= James Miller (playwright) =

English playwright, poet, librettist, and minister

James Miller (1704-1744) was an English playwright, poet, librettist, and minister.

== Biography ==
Miller was born in Bridport, Dorset on 11 August 1704, the son of a clergyman who possessed two considerable livings in the county. He studied at Wadham College, Oxford, and while there wrote part of his famous comedy, The Humours of Oxford, which contained music by Richard Charke and was first performed on 9 January 1730, to great success.

Miller's family was somewhat unsupportive of his theatrical endeavors. They had wanted him to pursue a career in business, but Miller showed a revulsion to such a path. He therefore was persuaded to follow in his father's profession as a minister, taking holy orders soon after he left Wadham. Miller became a lecturer at Trinity College, Conduit Street and a preacher at Roehampton Chapel. The livings for these positions however did not provide for the lifestyle that Miller was accustomed to, so he continued to write for the stage to supplement his income. This decision was met by some hostility by his colleagues in the church and his career as a clergyman suffered to some extent. Regardless, he went on to write eight more plays, many of which were premièred at the Theatre Royal, Drury Lane, and contained incidental music by Thomas Arne.

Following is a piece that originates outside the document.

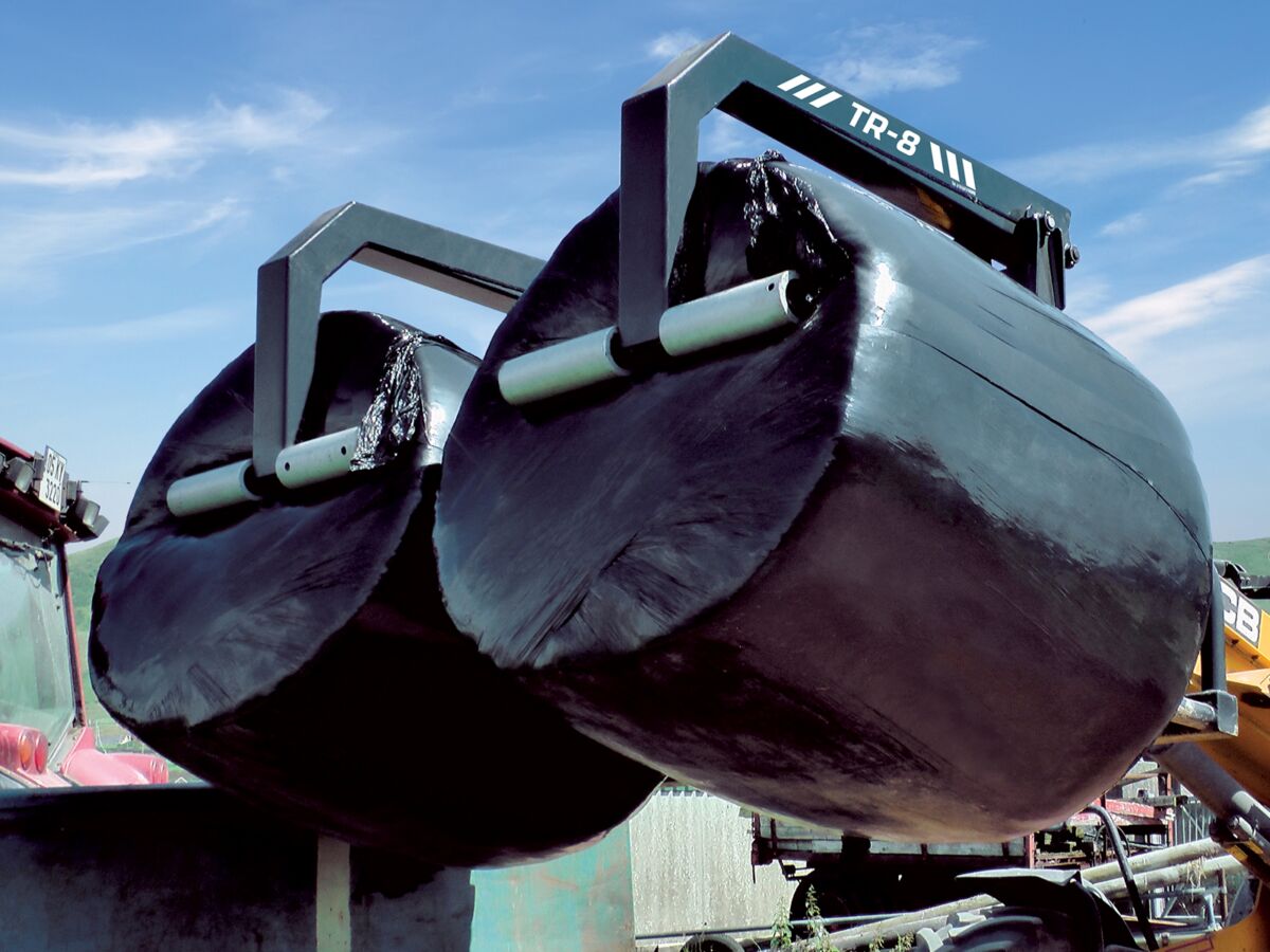 The TR range of bale handlers by JM Agri-Design makes loading and unloading wrapped or unwrapped bales, whether they are round or square, easy and efficient. The unique patented over-arm design incorporates rotating rollers and a check valve, to ensure a consistent grip at all times. There are 3 models in the range, TR-3 (tractor loader), TR-4 (for loading shovels & telehandlers)& TR-8 (double bale handler) Using a TR bale handler dramatically reduces the risk of damage to the plastic wrap due to it’s ability to grip a round bale on the flat faces, where there is over double the plastic wrap. The TR range also has the ability to grip a bale at ANY angle thanks to the patented design of it’s over- arms. With the ability to re-handle stacked bales, without compromising the plastic wrap, the TR range saves time and costs.
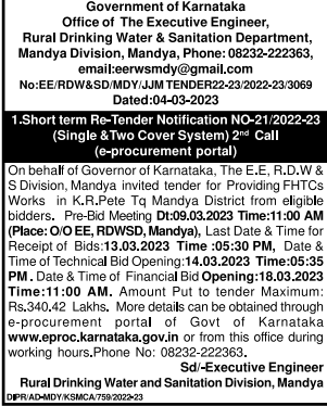 Tender for for Providing FHTCs Works in K.R.Pete Tq Mandya District from eligible bidders. Pre-Bid Meeting Dt:09.03.2023 Time:11:00 AM (Place: O/O EE, RDWSD, Mandya),

Miller died in Chelsea on 27 April 1744 a few days after his adaptation of Voltaire's tragedy Mahomet opened in London. He was married and had one son.

== Works ==
Miller wrote mostly comedies for the stage and he was known for his use of intelligent parody and wry wit. His known dramatic works include: The Humours of Oxford (1730), The Mother-in-Law (1734), The Man of Taste (1735), The Universal Passion (1737), The Coffee House (1737), Art and Nature (1738), An Hospital for Fools (1739), The Picture, or Cuckold in Conceit (1745), and Mahomet the Imposter (1744, completed by John Hoadly). He also wrote the libretto to George Frideric Handel's Joseph and his Brethren (1744) and translated Molière's comedies for their first publication into the English language.

Miller was also a celebrated and prolific poet, of which the satirical poem Harlequin Horace is his most well known work. Miller dedicated the poem to its subject, Mr. Rich, who was the manager of the Covent Garden Theatre at that time. The poem, an ironic portrait and arch mockery of Rich, was payback to a man who had offended Miller. Several of his poems were published in Gentleman's Magazine.

Miller also contributed some religious writings, publishing a volume of his sermons. His sermons display an air of distinguished piety, and a zeal for the interest of what Miller called 'true religion'.